# Heat pump fuse



## Folly77 (Jan 5, 2010)

Came home Sunday and heat wasn't working. Checked all breakers and disconnects. All good so I opened the unit in the attic and found a 5 amp fuse blown. Replaced fuse and unit ran for about 1.5 hrs then failed.  Blown fuse! Replaced again...ran for ~1.5 hrs and failed.  Called a friend and he suggested:

1) check 24v control wiring for nicks that may be causing short circuits.  Did that at the indoor and outdoor unit and thermostat.  Found a few that were questionable so clipped, stripped and re-connected.  Replaced fuse...ran for ~1.5 hrs and failed.

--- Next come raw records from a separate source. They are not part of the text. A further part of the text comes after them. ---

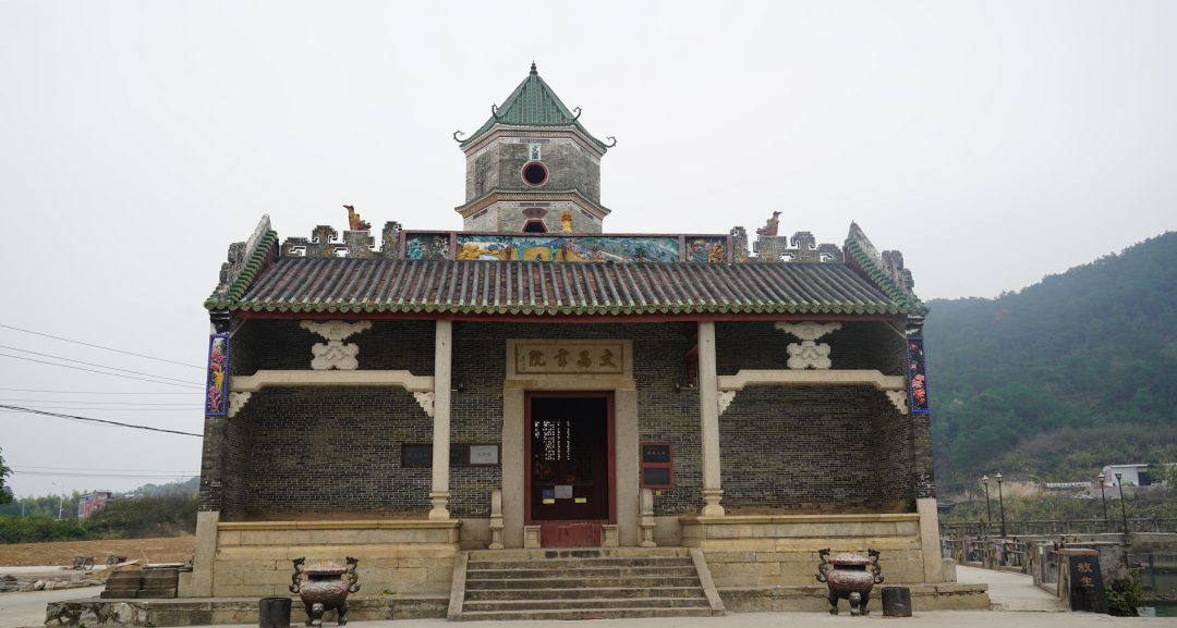 在怀集县怀城街道兴贤居委会沿江东路绥江河北岸,有一座“塔院合一”的古建筑——怀城文阁,又名文昌阁、文昌书院,始建于明朝万历四十七年(1619年),建成于天启元年(1621年),至今具有400多年历史。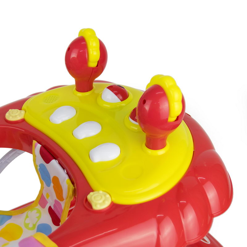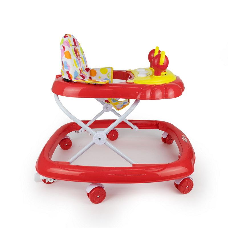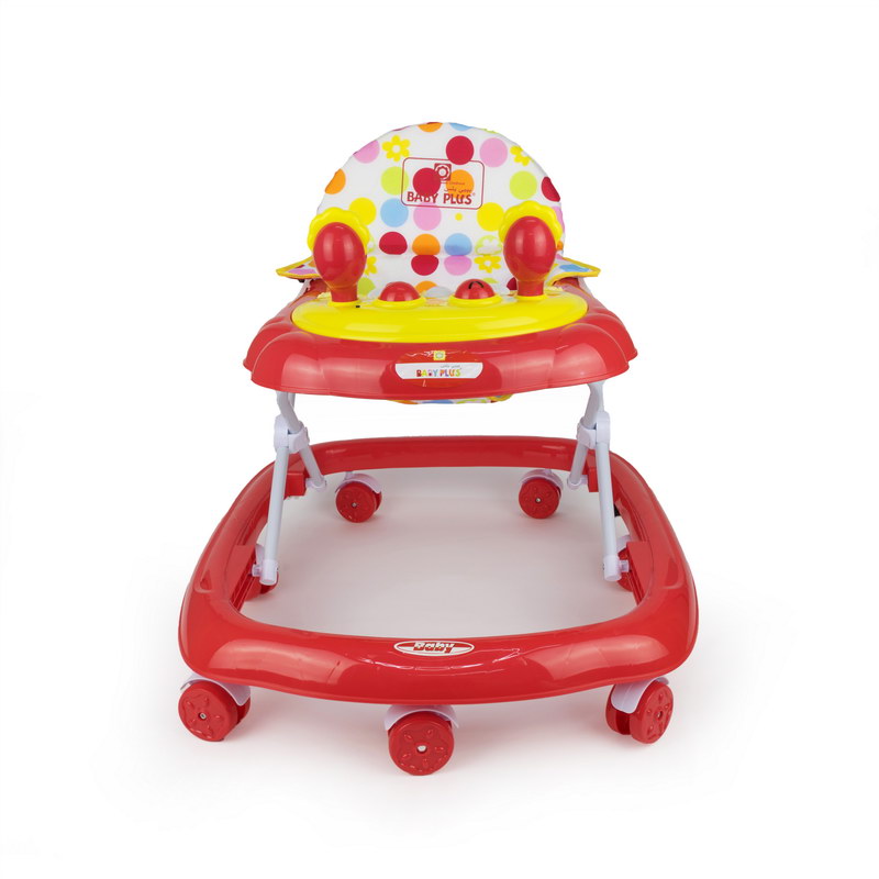 Babyplus Walker Suitable from 6-12 months (up to 12 kgs); Electronic tray with lights and sounds; Toy tray easily removes for feeding time, Folds flat for easy storage and travel; Complies with European safety standards EN 71-EN-1273; Folded size (cm) (LxWxH: 63x66x27, rip strips to reduce movement for safety;. If your young one wants to walk independently, then having this sturdy baby walker is a must. The walker is quite colourful and also has light and sound functions that will keep your tiny tot engrossed for a long time. Moreover, this walker has easy-grip strips for easy manoeuvrability. Removable toy bar with toys, Large surround tray for food or toys, Extra wide base provides superior support and stability, High-back padded seat, 3-position height adjustable, Folds flat for easy transport or storage, The walker has a well-padded seat and can be adjusted in height to suit the build of different children ensuring that their feet touch the floor correctly. The Walky Talky Walker also has front swivel wheels making it easier for baby to guide themselves around and safety akes called 'stoppers' which stop the structure when reaching a step. The play panel is detachable to play also when not in the baby walker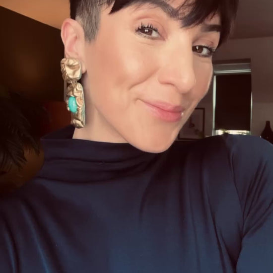 With a base clay colour of turquoise and antique gold, this beautiful Ava and Azar drop style have a handcrafted draped texture, finished with distressed gold leaf detailing and natural turquoise Howlite stones adorned in the centre.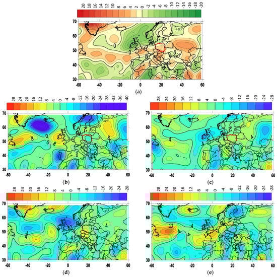 Vertical velocity in 10−2 Pa·s−1 for 1963 heat wave: (a) average in the period 1–7.08; (b) on day before heat wave (31.07); (c) on 2.08; (d) on 6.08; (e) on day after heat wave (8.08). The red line marks the borders of Poland.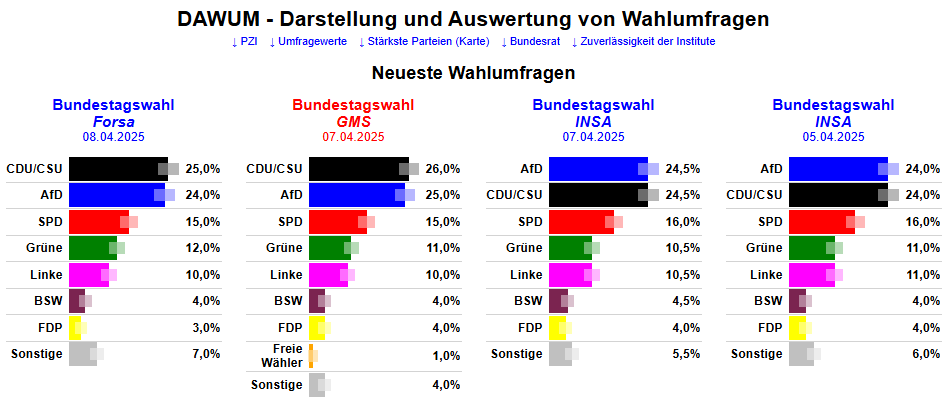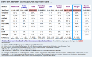 Quelle/aktuelle Umfrage: Institut Wahlkreisprognose Bundestag Spezial, Infratest dimap Bundestag Spezial, Pollytix Bundestag Spezial, YouGov Bundestag Spezial, Forsa Bundestag Spezial, INSA Bundestag Spezial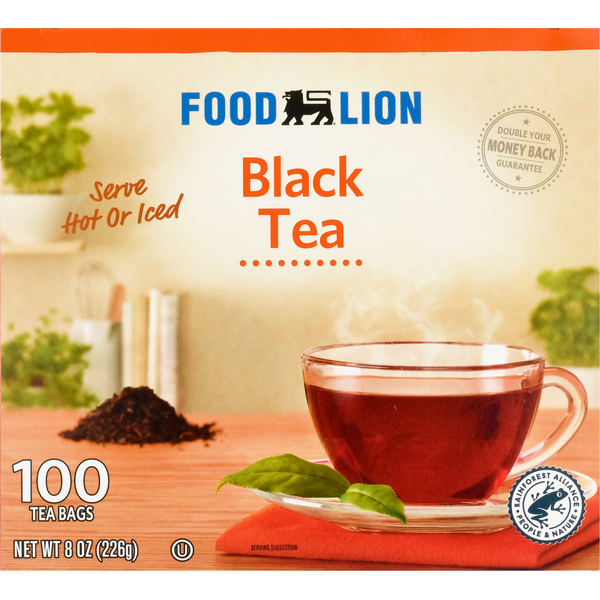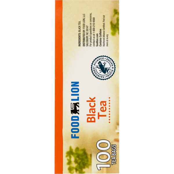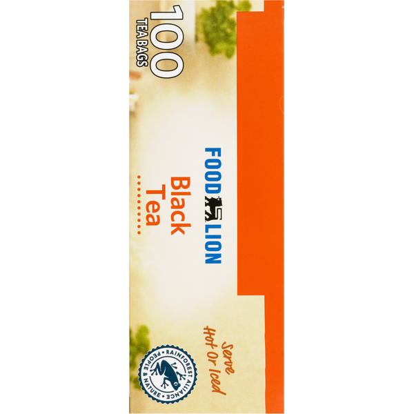 Front of Tea Food Lion Tea Bags Orange Pekoe & Pekoe Cut Black Tea 100ct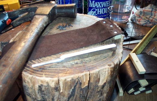 Fold and glue one end to form the hem, with the spring inside, and glue on a new wooden stick. The leather is stiff enough that the joint needs a little help to stay closed until the glue jells. The original strips were tacked to the board at the fixed end, but this is hard to do, and still keep the leather perfectly tight on both edges. Also, it would be hard to unhitch the strip later, if it were necessary to remove a bit of rubbish that might get trapped under the flap. So I followed the example of Ampico and other player makers, by attaching another stick to the fixed end, which will swivel around a screw in the middle. That way, the strip will be automatically self aligning. After the glue is well set so the stick won't shift, add tacks. Their heads must be driven well below the leather surface; this surface must slide very smoothly on the wood.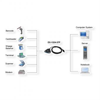 USB 2.0 zu 4x RS-232, 37 Pin, EX-1324-37P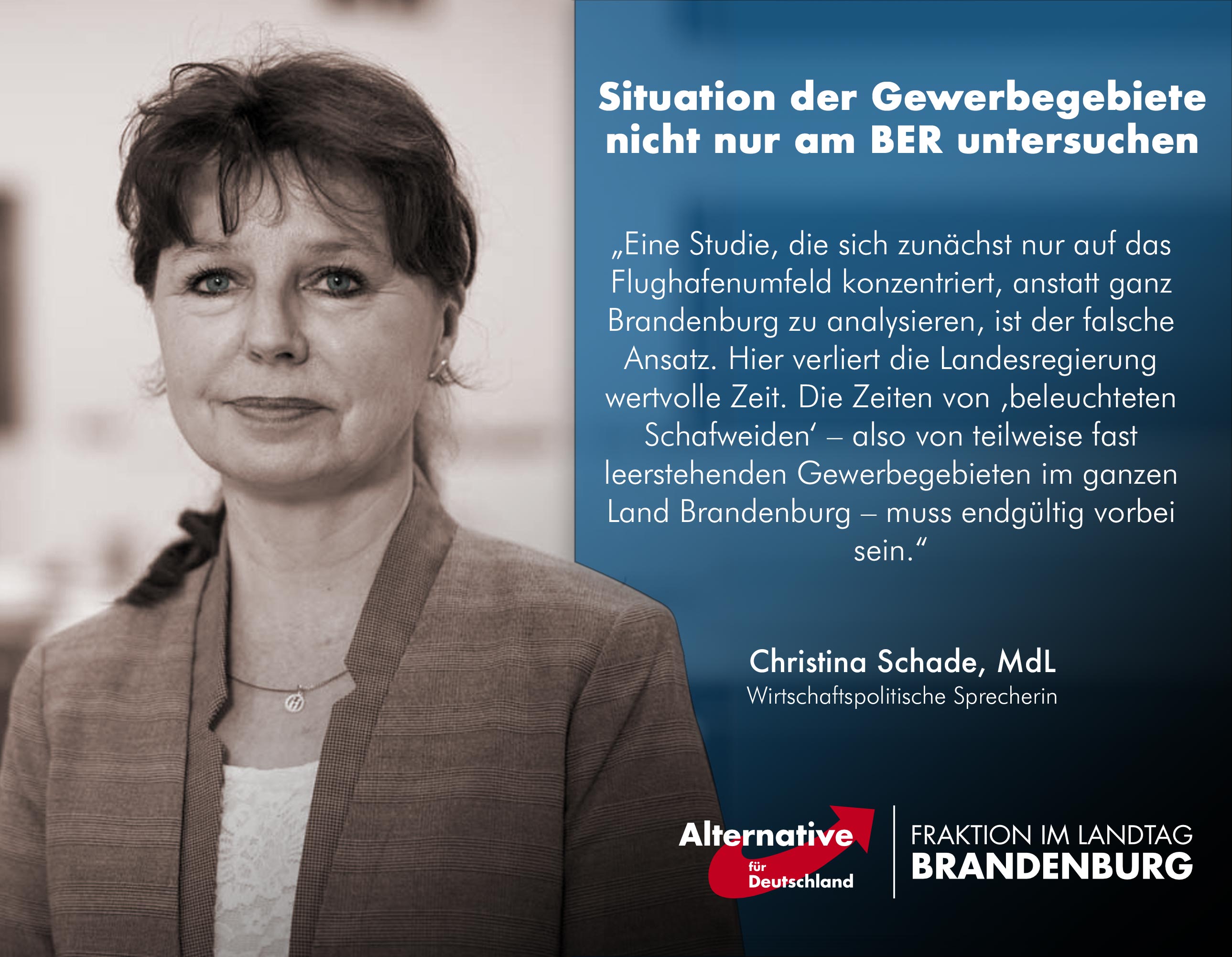 AfD-Fraktion: Studie zur Lage der Gewerbegebiete muss ganz Brandenburg berücksichtigen / Situation der Gewerbegebiete nicht nur am BER untersuchen / Die wirtschaftspolitische Sprecherin der AfD-Fraktion im Landtag Brandenburg, Christina Schade. Bild: "obs/AfD-Fraktion im Brandenburgischen Landtag/AfD-Fraktion Brandenburg"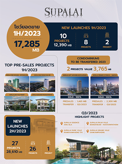 นายไตรเตชะ ตั้งมติธรรม กรรมการผู้จัดการ บริษัท ศุภาลัย จำกัด (มหาชน) กล่าวว่า ผลการดำเนินธุรกิจในช่วงครึ่งปีแรก 2566 บริษัทฯ ยังคงรักษาการเติบโตที่มั่นคงอย่างต่อเนื่อง ดีมานด์ตอบรับดีทั้งสินค้าแนวราบและคอนโดมิเนียม สามารถสร้างยอดขายรวมได้แล้วถึง 17,285 ล้านบาท คิดเป็น 48% จากเป้าหมายยอดขาย 36,000 ล้านบาท แบ่งเป็นสัดส่วนยอดขายโครงการแนวราบ 11,304 ล้านบาท และโครงการคอนโดมิเนียมที่เปิดใหม่และสร้างเสร็จพร้อมอยู่ 5,981 ล้านบาท โดยมาจากการตอบรับที่ดีของลูกค้าในทุกทำเลโครงการที่มีสินค้าสร้างเสร็จพร้อมอยู่ รวมถึงโครงการที่เปิดตัวใหม่ ทั้งนี้ยอดขายที่เพิ่มขึ้นมาจากโครงการภูมิภาคของศุภาลัย ยังคงได้รับความสนใจและเติบโตโดดเด่นอย่างต่อเนื่อง ทั้งยอดขายคอนโดมิเนียม 570 ล้านบาท เติบโต 72% โครงการแนวราบ 7,214 ล้านบาท เติบโต 6% เมื่อเทียบกับยอดขายครึ่งปี 2565 ทั้งนี้ โครงการใหม่ที่สามารถสร้างยอดขายได้อย่างต่อเนื่อง อาทิ ศุภาลัย ปาร์ค เอกมัย – พัฒนาการ, ศุภาลัย บลูเวล หัวหิน, ศุภาลัย เอเลแกนซ์ พหลโยธิน 50 และ ศุภาลัย เลค วิลล์ ภูเก็ต นอกจากนี้บริษัทฯ ยังมีสินค้าสร้างเสร็จพร้อมเข้าอยู่ในมือทั้งโครงการแนวราบและคอนโดมิเนียม มูลค่ามากกว่า 20,000 ล้านบาท ซึ่งคาดว่าจะเข้ามารองรับการเติบโตของยอดขายในครึ่งปีหลัง โดยล่าสุดในไตรมาส 2 ที่ผ่านมา โครงการศุภาลัย ลอฟท์ สาทร – ราชพฤกษ์” ได้เปิดให้ลูกค้าเข้าตรวจรับห้องชุดและได้รับการตอบรับจากลูกค้าทยอยโอนกรรมสิทธิ์ห้องชุดไปแล้ว ประมาณ 75%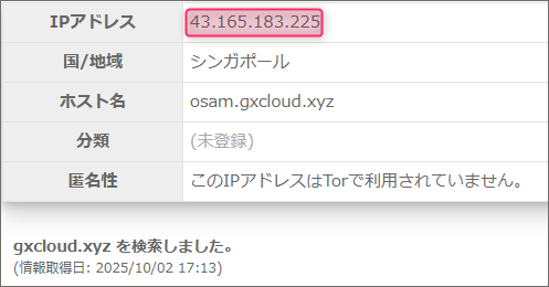 こちらが「Grupo」さんで取得したこのドメインに割当てているIPアドレスです。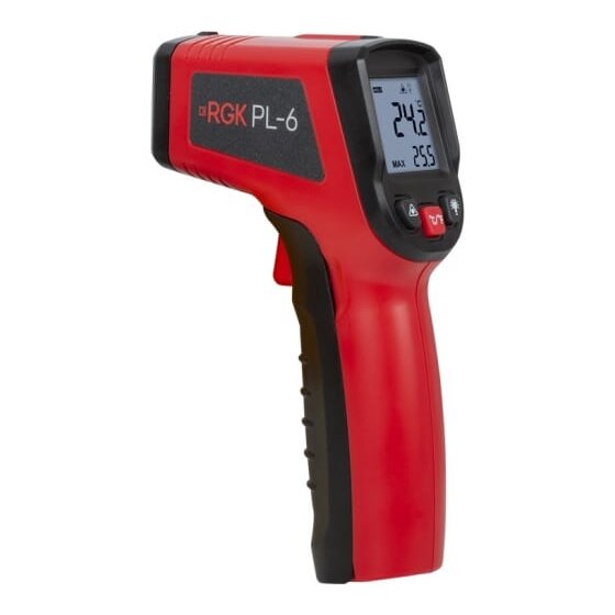 Пирометр RGK PL-6 используется для получения значений температуры трубопроводов, батарей, котлов, двигателей, электропроводки и т.д.

2) replace thermostat. Replaced my old analog mercury switch thermostat w/ digital and replaced fuse.  It ran about 1 hour and cycled off.  Came on and ran about 1 hour and failed.

So what do I check now???


----------



## Maverick7687 (Jan 6, 2010)

Check your thermostat wiring. The fuse inside the unit, I am guessing, is fuse for the control board and if there are thermostat wires grounding somewhere it will short this fuse. Had a customer once where mice had gotten in the crawl space and chewed the insulation off the wires but you couldn't see anything visible unless you went under the house so check the whole wire run. I see where you said you checked the 24v wiring but did you go all the way from one end to the other?


----------



## Folly77 (Jan 7, 2010)

Thanks Maverick.  Turned out to be one of the wires going to the reversing valve at the compressor.  It had laid up against the copper tubing and melted so that when the unit went into "defrost mode" (it's been relatively cold in Charleston so it reversed frequently) it would short out and pop the fuse.  Explains why it would run for an hour or so before failing.  Anyway, seems to be working now.  I just wish the weather would warm up!


----------



## Maverick7687 (Jan 7, 2010)

NP, Glad you figured it out.. Tape that wire up and zip-tie it somewhere out of the way of that copper line.
I wish it would either snow or warm up here in Knoxville as well, I don't mind the cold if it's snowing, but right now it's just cold for no reason!
Isn't Charleston around where they have the National warning is right now for snow?


----------



## Folly77 (Jan 7, 2010)

Charleston, WV maybe but not here.  Slight chance of flurries but mostly just cold!  Thanks for the advice.  I'll make sure it doesn't happen to that wire again.


----------